John Glover Jackson (April 1, 1907 – October 13, 1993) was an American historian, lecturer, teacher and writer. He promoted ideas of Afrocentrism, atheism, and Jesus Christ in comparative mythology. He held fringe views on Jesus and Christian origins.

==Early life and education==
Jackson was born in Aiken, South Carolina, on April 1, 1907, and raised Methodist. At the age of 15 he moved to Harlem, New York, where he enrolled in Stuyvesant High School. During this time, he became interested in African-American history and culture and began writing essays on the subject. His work was noticed and in 1925, while still a high school student, Jackson was invited to write for Marcus Garvey's newspaper, Negro World.

==Career==
From 1930 onwards, Jackson became associated with a number of Pan-African historians, activists and writers, including Hubert Harrison, Arturo Alfonso Schomburg, John Henrik Clarke, Willis Nathaniel Huggins, Joel Augustus Rogers, and Marcus Garvey. He also authored a number of books on African history, promoting a Pan-African and Afrocentrist view, such as Man, God, and Civilization (1972) and Introduction to African Civilizations (1974). He also became interested in the fringe view claiming Christianity's origins to be in the Egyptian religion. An unapologetic atheist, he authored a number of books such as The African Origin of Christianity (1981) and Christianity before Christ (1985), as well as writing the foreword to Gerald Massey's Lectures (1974). He also wrote the controversial text, Was Jesus Christ a Negro? (1984), which argued that Jesus may have been a black man. In 1987, Jackson wrote a biographical article about Hubert Harrison for American Atheists entitled "Hubert Henry Harrison: The Black Socrates". In it, he praised not only Harrison's agnostic atheism, but also his educational and civil rights achievements. It was later published as a seven-page pamphlet.

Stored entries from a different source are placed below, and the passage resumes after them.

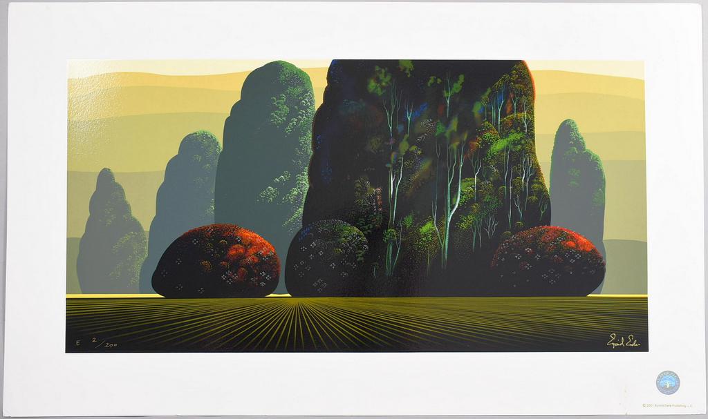 (2) Eyvind Earle serigraphs, signed. Quiet Pastures #64/160, Estate signed Autumn Eucalyptus, #E 2/200. Unframed, overall: 13.75" x 40" & 21.5" x 36".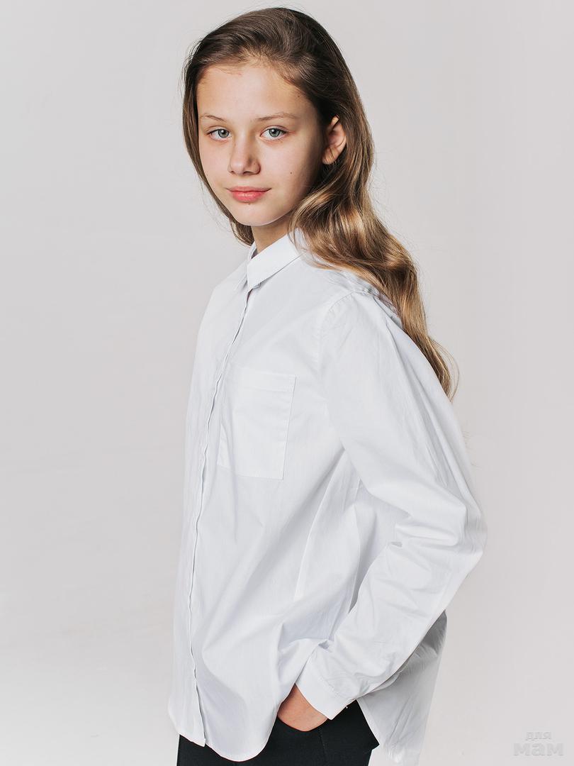 Блузка из хлопка белого цвета, свободного силуэта с ассимитричным нижним срезом. Модель застёгивается на пуговицы, воротник отложной со стойкой, рукава длинные. Блузка дополнена нагрудным карманом и украшена вышивкой.
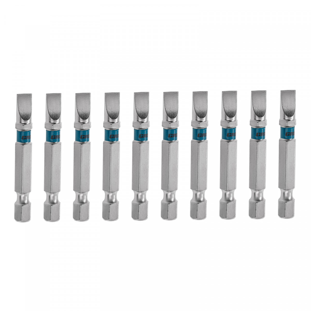Набор бит Gross 11326 типоразмера SL6,0 х 50 включает в себя 10 сменных насадок из стали S2 для шуруповертов и отверток-адаптеров с присоединительным шестигранником 1/4 дюйма. Биты со шлицами «минус» размером 6 мм применяются для монтажа и демонтажа винтов, саморезов и других резьбовых соединений.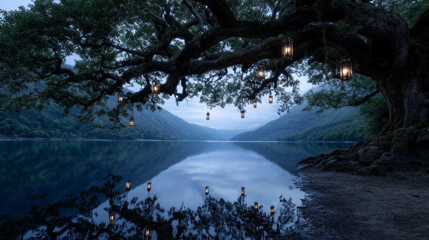 an ancient oak tree with glowing lanterns hanging from its roots, floating above a tranquil mountain lake, shot on 35mm f/1.2 lens, twilight blue hour, mirror reflection, atmospheric haze, ultra-detail
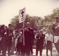 churchawakens416 Malcolm Boyd (holding sign) at the ESCRU demonstration in Chicago, Illinois, 1965.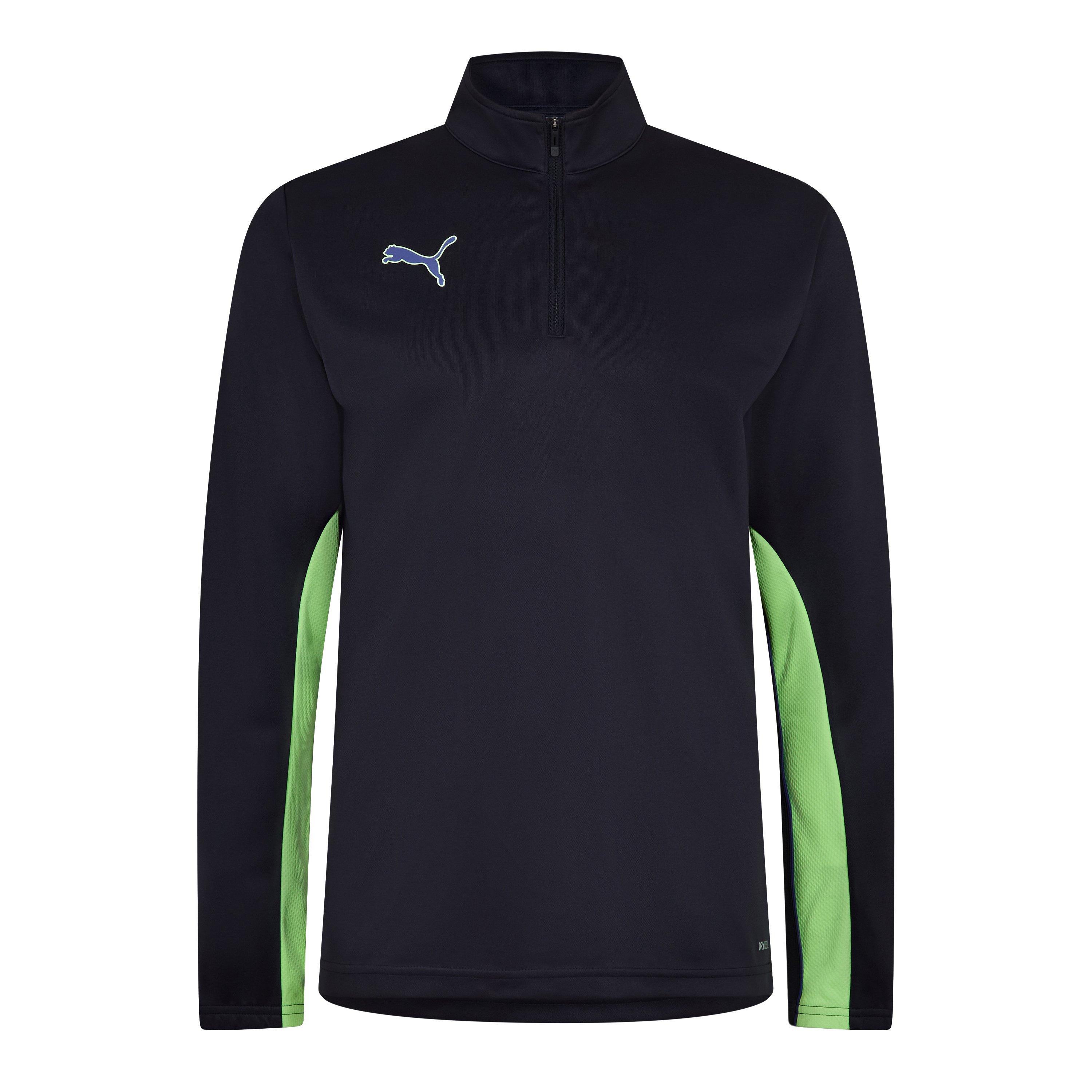 Una delle caratteristiche più sorprendenti di questa maglia da allenamento è la tecnologia dryCELL di firma Puma. Utilizza proprietà di assorbimento dell'umidità a base biologica per mantenerti asciutto, anche durante le sessioni di allenamento intense. Il design innovativo Quarter Zip non solo aggiunge stile ma incornicia il collo a imbuto, garantendo una vestibilità aderente che migliora le prestazioni. Permettendoti di entrare in campo o in sessione di allenamento con fiducia, basta aprire la zip per ulteriore libertà di movimento.
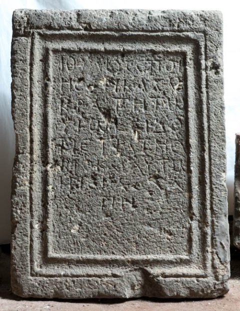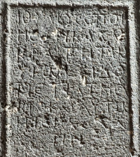 griechisch: Ἰούλιος ἐποί/ησεν Καλλι/κράτη τῷ / υἱῷ καὶ Δο/μετίᾳ τῇ συ/βίο (!) καὶ αὑτῷ /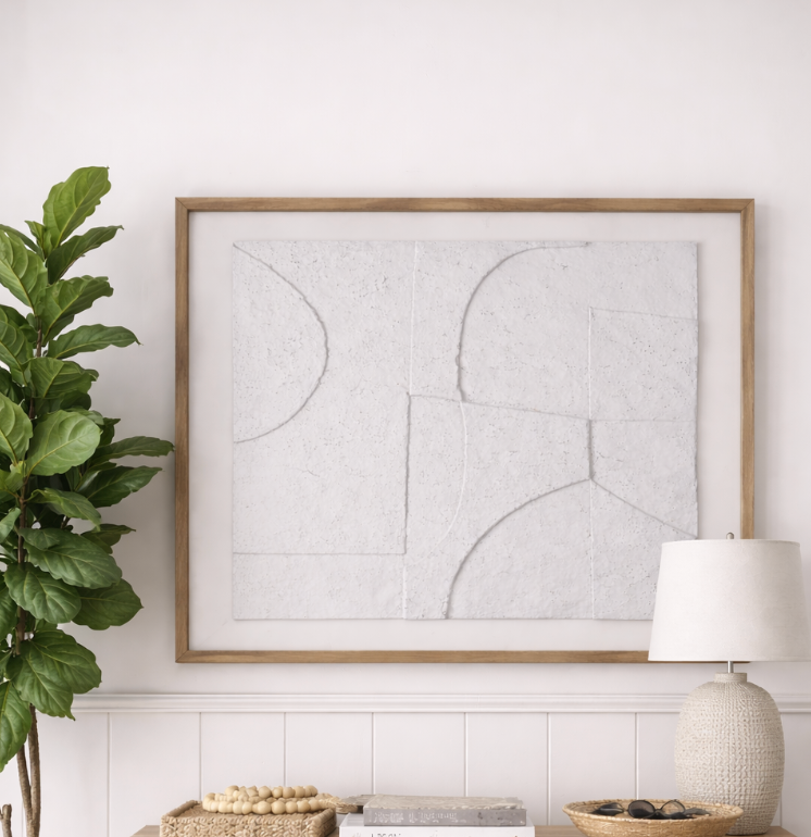 Make a statement with this oversized 39x47" framed wall art. Featuring a subtle textured design with soft geometric detailing, this piece adds depth and interest while keeping your space calm and neutral.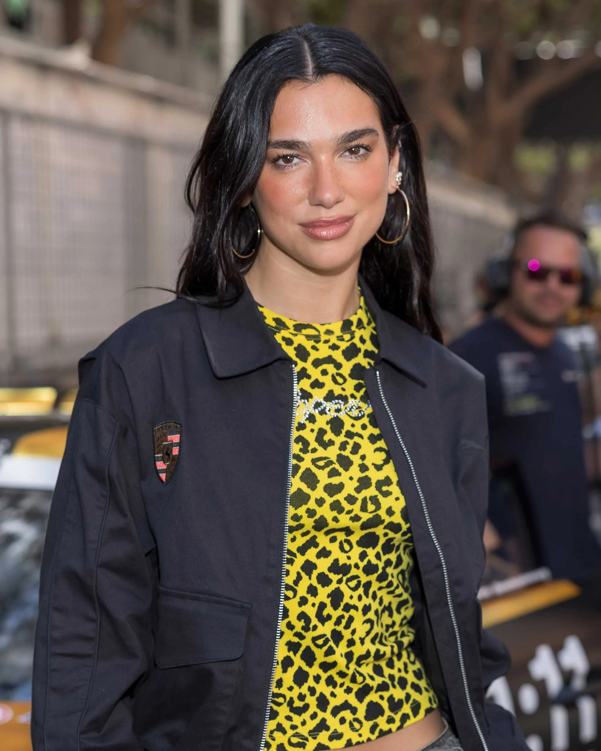 The pop star was photographed at the 2025 F1 Grand Prix Of Monaco in Monte-Carlo, touring the pit lanes and posing with racers on the grounds. She kept her overall look pretty casual—a bold yellow cheetah print cropped t-shirt from Coperni and black, loose-fitting jeans, and black and white Puma Speedcat sneakers. Her glam, too, was parred back and warm weather appropriate; with minimal eye makeup, a glossy caramel lip, and blossoming, warm pink blush. She wore her signature, raven-dark hair long and loose.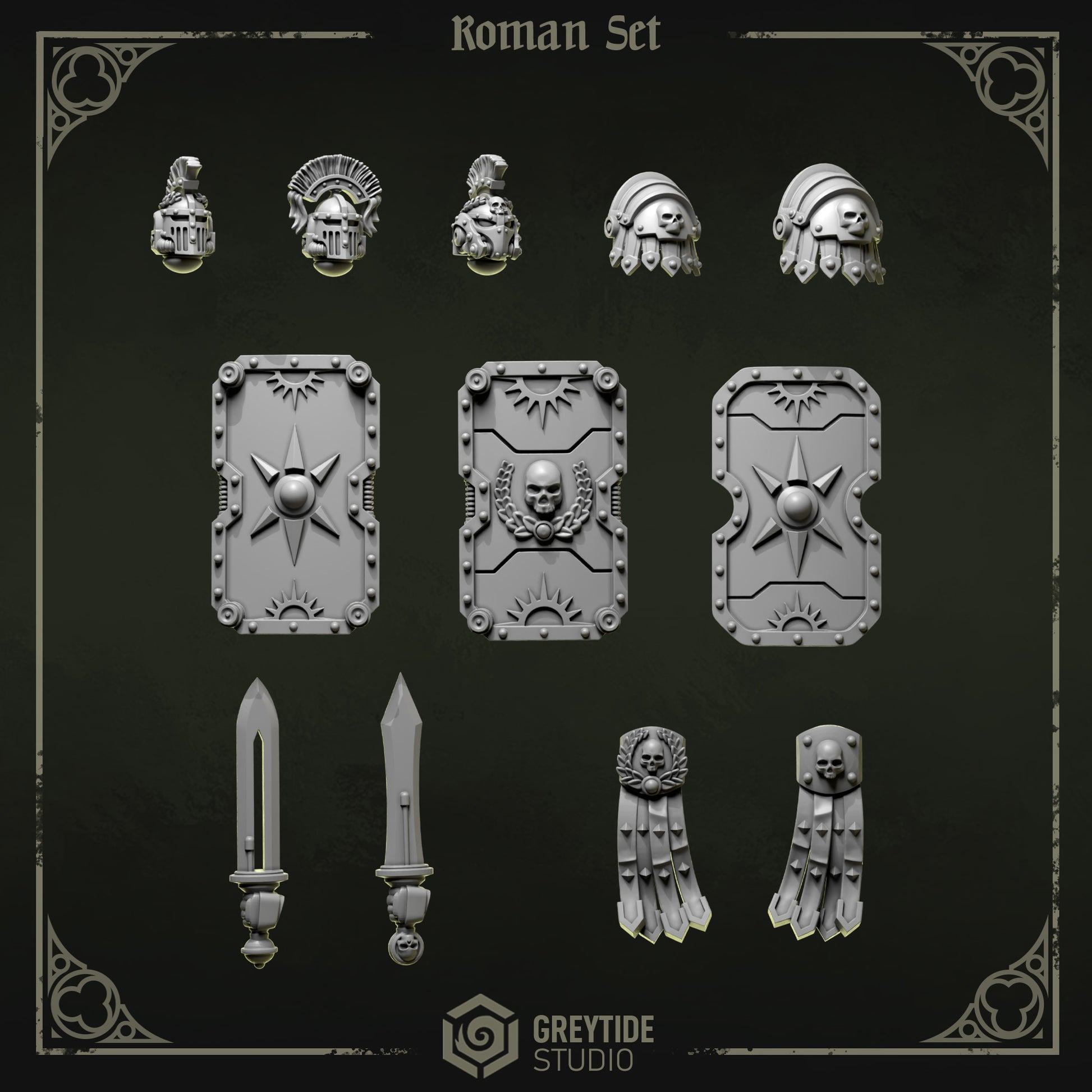 Customize and equip your miniatures with Eternal Pilgrim bits. Contains 3 different heads, 2 shoulder pads, 3 Roman Tower Shield, 2 swords, and 2 loincloth bits printed in 3D printer resin.
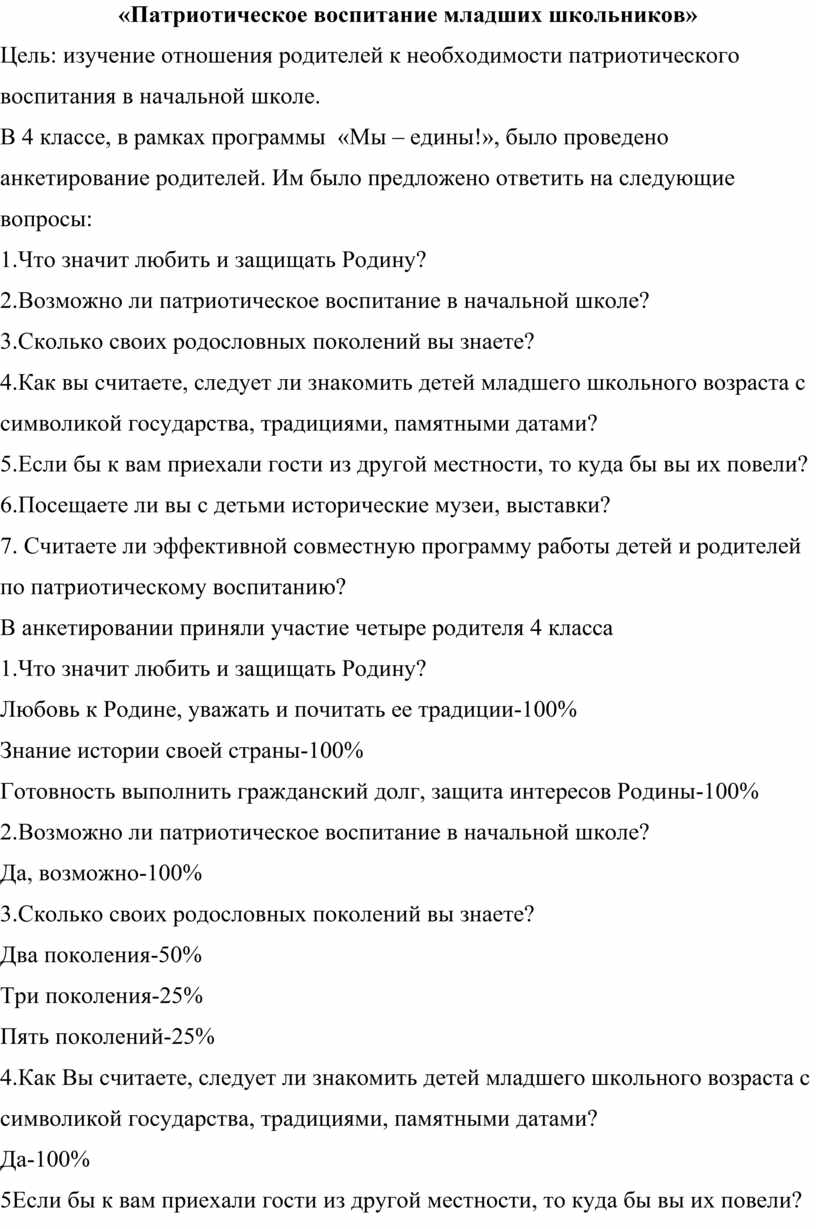В 4 классе, в рамках программы «Мы – едины!», было проведено анкетирование родителей. Им было предложено ответить на следующие вопросы: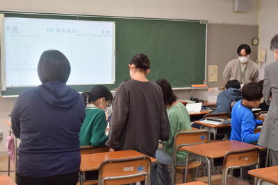 若手育成研修の一環でしたが、東京都のデジタルを活用したこれからの学びの研究事業と合わせて授業を行いました。個別最適な学習と協働的な学習の一体的な充実のためにどんなことができるのかを工夫して授業を行いました。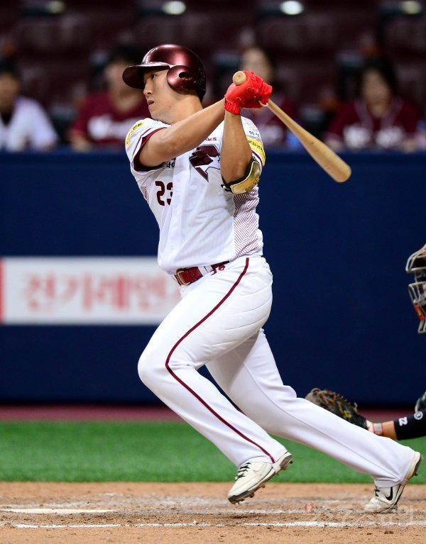 23일 서울 고척 스카이돔에서 ‘2017 타이어뱅크 KBO리그’ 넥센 히어로즈와 kt 위즈의 경기가 열렸다. 8회말 1사 만루에서 넥센 장영석이 1타점 적시타를 날리고 있다.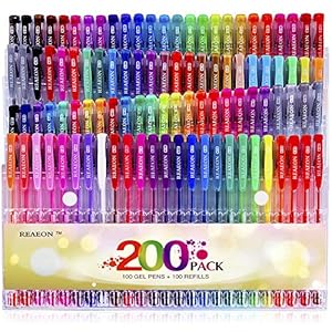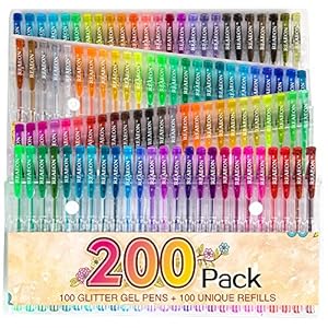 200 Glitter Gel Pen Set, 100 Gel Markers plus 100 Refills Gl...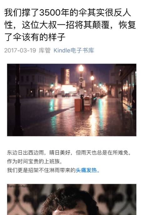 Tim说,“Kindle电子书库”第一次和推物合作卖反向伞就获得巨大成功,阅读量10w+,销售量远超预期。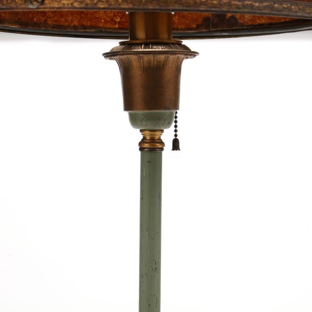 Circa 1920-40, the underside marked "Artistic B. & P.B. WKS...", etched glass cover, mica panel shade with gilt metal mounts, painted metal base.

Jackson had previously lauded Harrison, and other Black atheists of Harlem, in a 1984 speech at the American Atheists national convention entitled 'The Black Atheists of the Harlem Renaissance'.

During the five decades that he lived in New York, Jackson lectured at the Robert G. Ingersoll Forum of the American Association for the Advancement of Atheism. In his senior years, he revealed that he'd disbelieved in God from the moment he was old enough to think.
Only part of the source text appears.